━━━ AVAILABLE RECORDS
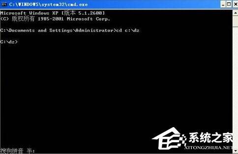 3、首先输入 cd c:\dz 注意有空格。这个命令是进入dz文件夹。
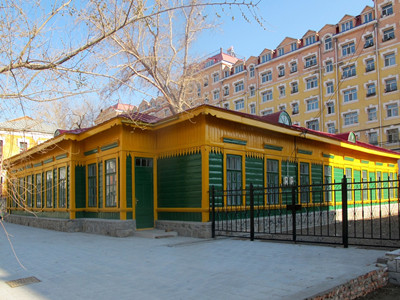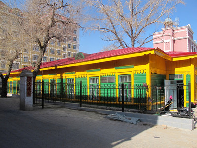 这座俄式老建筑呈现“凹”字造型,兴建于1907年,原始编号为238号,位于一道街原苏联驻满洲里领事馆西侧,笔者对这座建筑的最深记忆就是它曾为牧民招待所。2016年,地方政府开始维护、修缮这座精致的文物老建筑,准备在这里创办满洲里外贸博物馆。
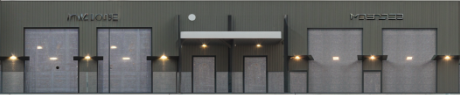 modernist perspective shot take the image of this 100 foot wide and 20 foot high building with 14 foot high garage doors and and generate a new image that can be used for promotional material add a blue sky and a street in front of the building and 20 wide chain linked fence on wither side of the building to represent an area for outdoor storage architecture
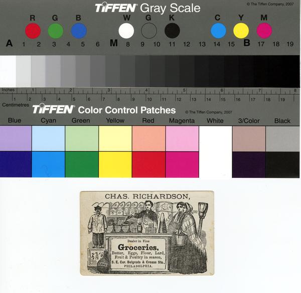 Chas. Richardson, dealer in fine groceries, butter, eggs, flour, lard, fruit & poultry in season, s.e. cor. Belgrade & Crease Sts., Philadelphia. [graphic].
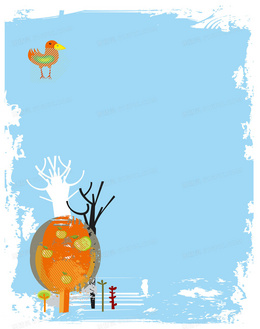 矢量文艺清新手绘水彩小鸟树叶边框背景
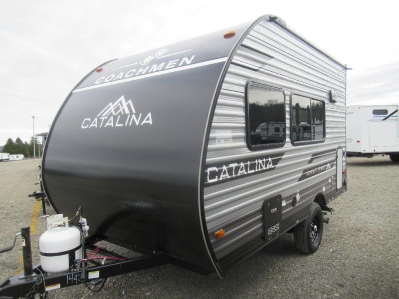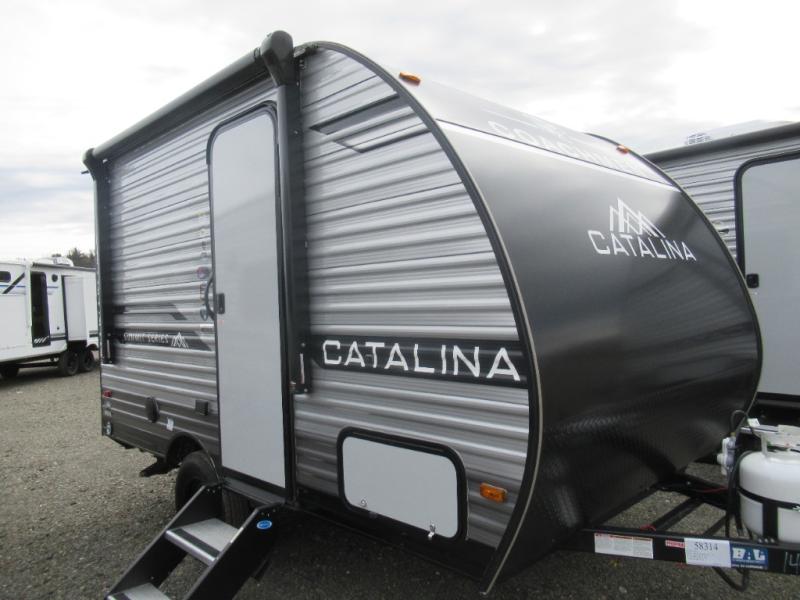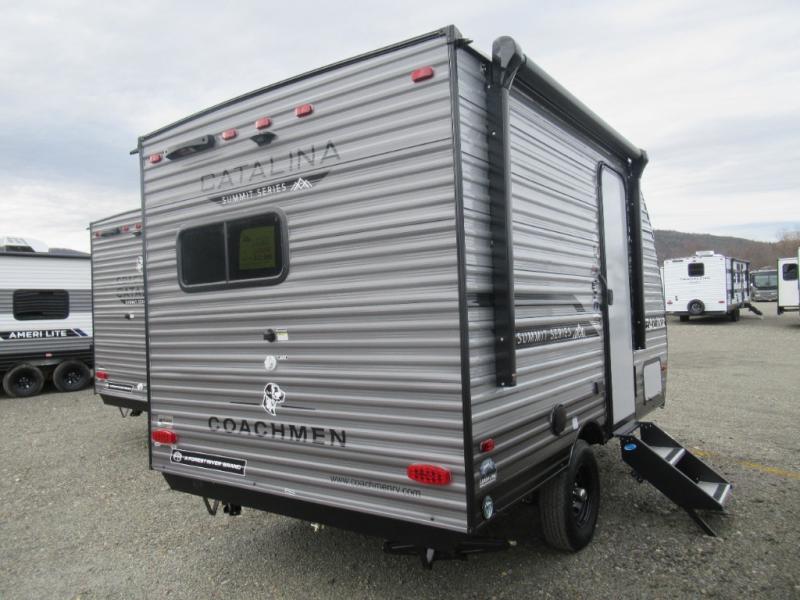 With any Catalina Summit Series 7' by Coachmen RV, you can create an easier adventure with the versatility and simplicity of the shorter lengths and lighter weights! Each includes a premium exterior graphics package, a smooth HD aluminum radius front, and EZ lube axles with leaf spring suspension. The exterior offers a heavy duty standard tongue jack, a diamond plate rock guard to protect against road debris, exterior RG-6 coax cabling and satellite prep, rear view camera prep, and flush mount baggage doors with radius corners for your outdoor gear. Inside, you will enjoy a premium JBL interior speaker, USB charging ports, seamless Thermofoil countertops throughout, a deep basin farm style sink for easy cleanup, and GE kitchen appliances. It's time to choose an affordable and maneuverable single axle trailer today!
━━━━━━
◆ DIRECTIONS FOR THIS TASK
Every line from the one with "modernist perspective shot" through the last line of the data must be copied exactly. Leave the pictures out.

◆ EXERCISE RESULT
 modernist perspective shot take the image of this 100 foot wide and 20 foot high building with 14 foot high garage doors and and generate a new image that can be used for promotional material add a blue sky and a street in front of the building and 20 wide chain linked fence on wither side of the building to represent an area for outdoor storage architecture
 Chas. Richardson, dealer in fine groceries, butter, eggs, flour, lard, fruit & poultry in season, s.e. cor. Belgrade & Crease Sts., Philadelphia. [graphic].
 矢量文艺清新手绘水彩小鸟树叶边框背景
 With any Catalina Summit Series 7' by Coachmen RV, you can create an easier adventure with the versatility and simplicity of the shorter lengths and lighter weights! Each includes a premium exterior graphics package, a smooth HD aluminum radius front, and EZ lube axles with leaf spring suspension. The exterior offers a heavy duty standard tongue jack, a diamond plate rock guard to protect against road debris, exterior RG-6 coax cabling and satellite prep, rear view camera prep, and flush mount baggage doors with radius corners for your outdoor gear. Inside, you will enjoy a premium JBL interior speaker, USB charging ports, seamless Thermofoil countertops throughout, a deep basin farm style sink for easy cleanup, and GE kitchen appliances. It's time to choose an affordable and maneuverable single axle trailer today!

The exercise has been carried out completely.